**Work item:** In the entries that follow, the lines from the line containing "⑥ 1-603-8 TA" up to and including the line containing "ユニセフ(UNICEF:国連" must be copied exactly, with pictures omitted.

**Given data:**
..........

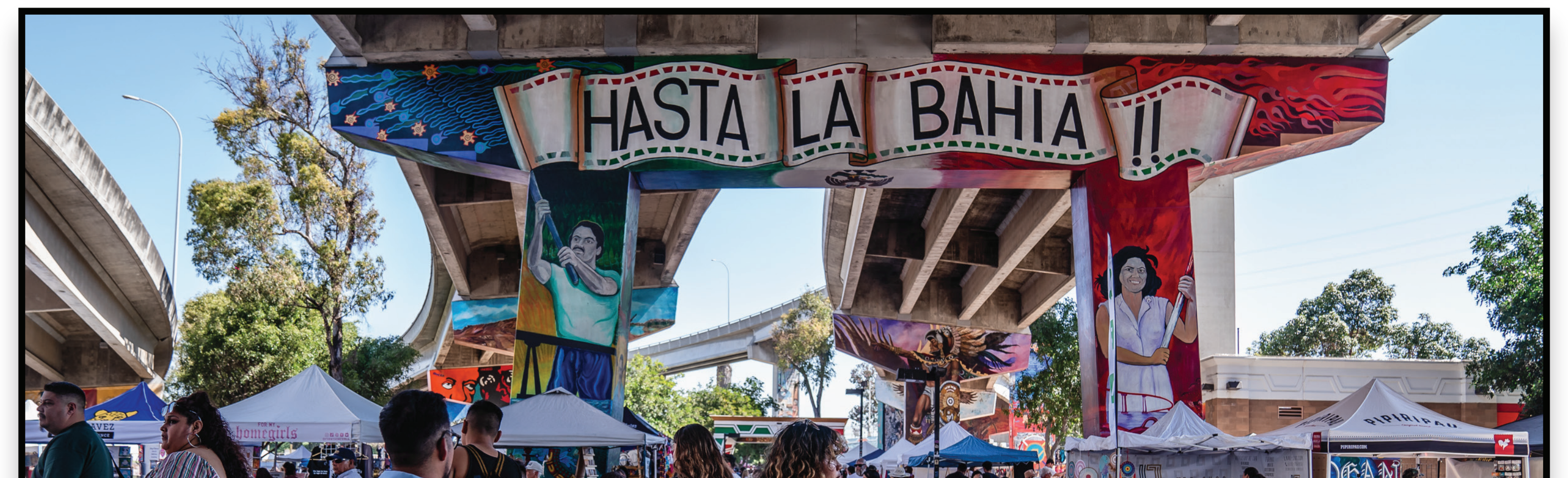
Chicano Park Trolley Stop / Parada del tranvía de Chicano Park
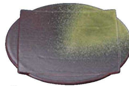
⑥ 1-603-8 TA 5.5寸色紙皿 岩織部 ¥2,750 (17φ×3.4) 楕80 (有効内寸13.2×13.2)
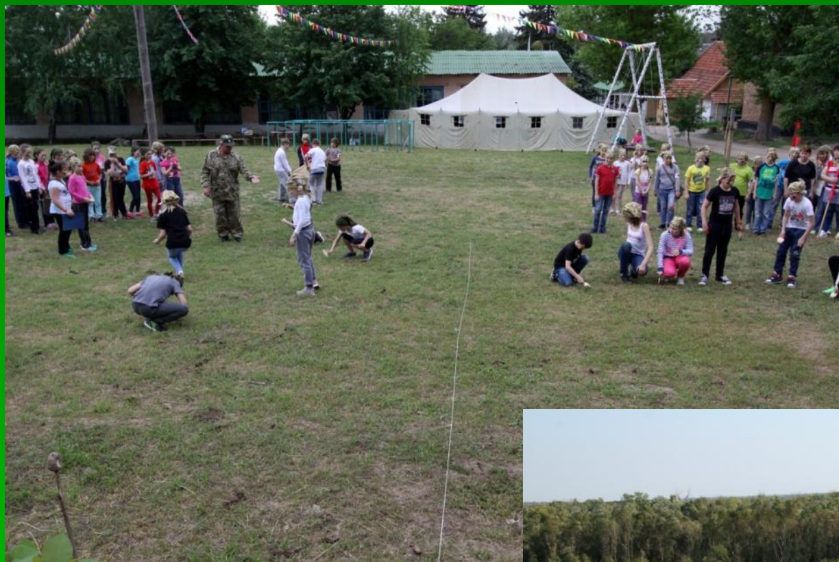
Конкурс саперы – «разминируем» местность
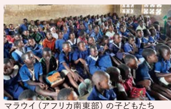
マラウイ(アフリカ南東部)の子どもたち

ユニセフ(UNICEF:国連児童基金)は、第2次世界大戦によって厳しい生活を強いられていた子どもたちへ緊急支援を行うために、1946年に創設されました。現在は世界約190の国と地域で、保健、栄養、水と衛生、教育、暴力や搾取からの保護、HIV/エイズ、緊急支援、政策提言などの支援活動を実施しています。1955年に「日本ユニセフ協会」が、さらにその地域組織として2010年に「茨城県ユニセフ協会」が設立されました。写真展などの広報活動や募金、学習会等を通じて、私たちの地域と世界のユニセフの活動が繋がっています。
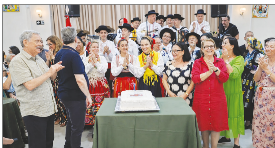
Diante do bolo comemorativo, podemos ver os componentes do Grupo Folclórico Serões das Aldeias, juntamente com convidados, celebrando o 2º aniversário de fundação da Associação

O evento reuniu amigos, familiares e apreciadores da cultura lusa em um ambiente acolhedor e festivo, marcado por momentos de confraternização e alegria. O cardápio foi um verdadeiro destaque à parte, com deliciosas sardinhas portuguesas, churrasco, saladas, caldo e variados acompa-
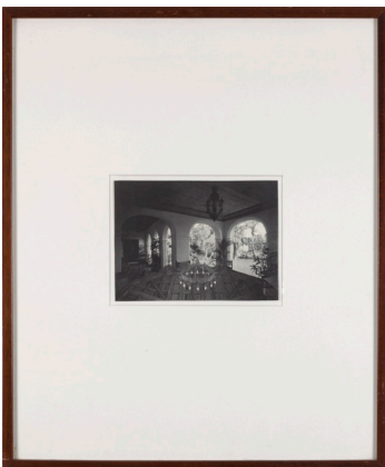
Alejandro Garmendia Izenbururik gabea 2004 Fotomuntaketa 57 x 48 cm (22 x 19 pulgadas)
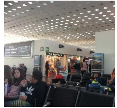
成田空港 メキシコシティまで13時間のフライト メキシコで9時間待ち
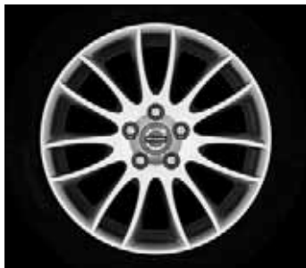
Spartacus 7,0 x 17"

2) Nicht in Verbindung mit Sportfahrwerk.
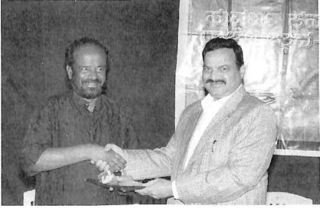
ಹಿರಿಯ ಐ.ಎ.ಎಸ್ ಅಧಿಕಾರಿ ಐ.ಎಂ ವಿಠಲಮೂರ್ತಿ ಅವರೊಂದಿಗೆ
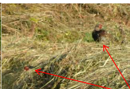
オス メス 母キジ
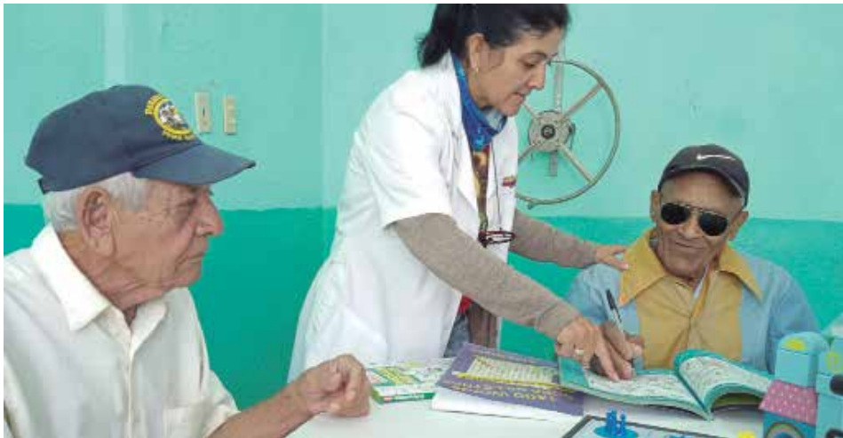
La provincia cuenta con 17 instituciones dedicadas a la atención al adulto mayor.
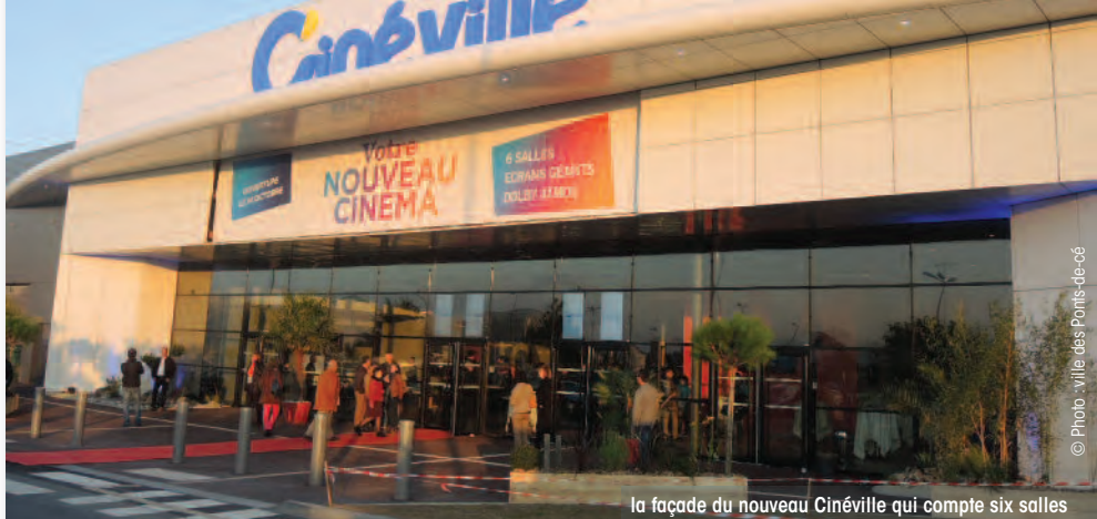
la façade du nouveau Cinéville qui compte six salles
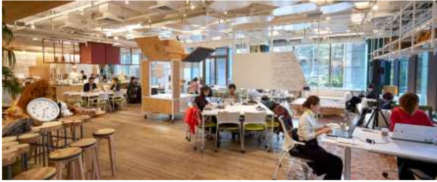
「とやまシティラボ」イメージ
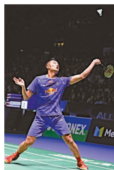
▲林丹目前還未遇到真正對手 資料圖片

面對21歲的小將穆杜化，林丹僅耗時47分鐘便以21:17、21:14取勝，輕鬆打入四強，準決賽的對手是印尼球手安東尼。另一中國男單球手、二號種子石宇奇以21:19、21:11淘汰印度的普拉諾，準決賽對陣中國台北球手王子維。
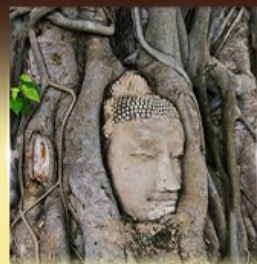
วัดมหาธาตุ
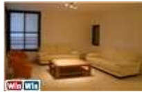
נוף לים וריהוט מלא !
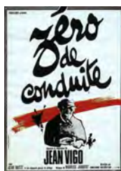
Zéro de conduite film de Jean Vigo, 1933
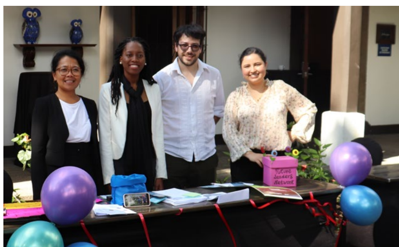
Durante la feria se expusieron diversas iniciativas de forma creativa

..........

**Response box:**
⑥ 1-603-8 TA 5.5寸色紙皿 岩織部 ¥2,750 (17φ×3.4) 楕80 (有効内寸13.2×13.2)
Конкурс саперы – «разминируем» местность
マラウイ(アフリカ南東部)の子どもたち

ユニセフ(UNICEF:国連児童基金)は、第2次世界大戦によって厳しい生活を強いられていた子どもたちへ緊急支援を行うために、1946年に創設されました。現在は世界約190の国と地域で、保健、栄養、水と衛生、教育、暴力や搾取からの保護、HIV/エイズ、緊急支援、政策提言などの支援活動を実施しています。1955年に「日本ユニセフ協会」が、さらにその地域組織として2010年に「茨城県ユニセフ協会」が設立されました。写真展などの広報活動や募金、学習会等を通じて、私たちの地域と世界のユニセフの活動が繋がっています。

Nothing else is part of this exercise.